Добавить в цитаты Настройки чтения

Страница 4 из 54



****
    Его выхватил случайный взгляд. Вообще-то я уже начала рисунок – по памяти изображала лицо одной улыбающейся старушки. Недавно видела её в автобусе, долго рассматривала, и вот сейчас воспроизводила на бумаге. И закончила бы, если бы, задумавшись, не подняла глаза… 
    Расстояние довольно большое, поэтому не могу разглядеть мелочей. Но мне хватает и так. Потому что я ловлю себя на том, что не могу отвести глаз. Смотрю и смотрю, и уже в уме конвертирую его в карандашные линии.
    Если подумать – обычный человек. Просто стоит, не двигаясь, ноги где-то на ширине плеч, на одну опирается чуть больше, чем на другую, но это не сразу заметно. Руки опущены, одна сунута в карман чёрной жилетки с поднятым воротником. Голова чуть склонена в сторону, как будто он очень глубоко задумался.
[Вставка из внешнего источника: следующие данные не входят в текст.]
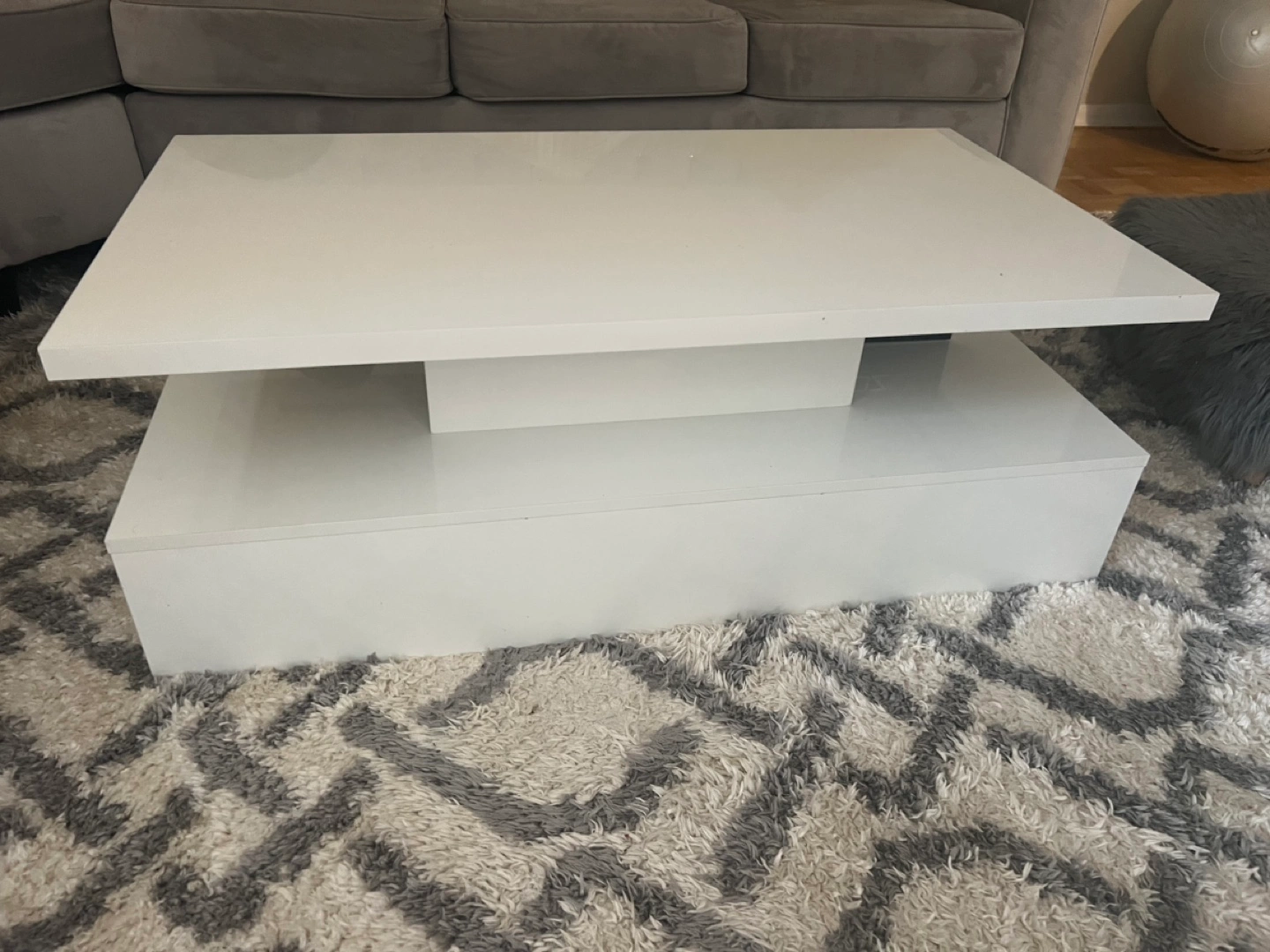 Modern White Coffee Table with Lower Shelf

Самый обычный, я таких много видела… казалось бы… но при этом такая гармония в его фигуре – как будто и телосложение, и одежда, и поза, и освещение создали нечто, близкое к идеалу.
    «Только не двигайся! Только не двигайся! Не поворачивайся, хорошо? – бормотала про себя я, быстро переворачивая страницу и начиная наносить первые линии. – Очень, очень хорошо стоишь… ну просто изумительно… нет, всё не то, не то! Только не шевелись, умоляю!.. так…»
    И как назло ничего не выходило. То есть выходило, но вовсе не то. Ведь никакой художник не сможет передать реальность такой, какая она есть. Во-первых – призма собственного взгляда, во-вторых – лист бумаги никак не может быть стопроцентным отражением реальности. Но у меня всегда получалось словить именно ту черту, что меня привлекала в людях. Например, взгляд, или улыбку, или гнев… а тут – просто стоящий ко мне спиной человек. У меня на бумаге. А в реальности…
    Он поменял положение ног, одну подогнул, другую чуть вывел вперёд. Свободной рукой потёр затылок, потом сунул её в карман. Я про себя чертыхнулась, понимая, что уже не смогу нарисовать его прежнюю фигуру. Зато теперь мне была видна часть его лица – малая, кусок щеки и самый кончик брови. Но линия контура, от короткой чёлки и до воротника, завораживала.
    «Да разве так бывает, чтобы…» – я собиралась возмутиться, потому что действительно – слишком уж лакомый кусочек этот парень. Его хочется рисовать, как бы он ни стоял. Со всех сторон бы осмотреть… но я не успела это подумать. Он как-то оживился, вскинул голову, я выхватила взглядом нос, кусок улыбки… и переключилась на его друга.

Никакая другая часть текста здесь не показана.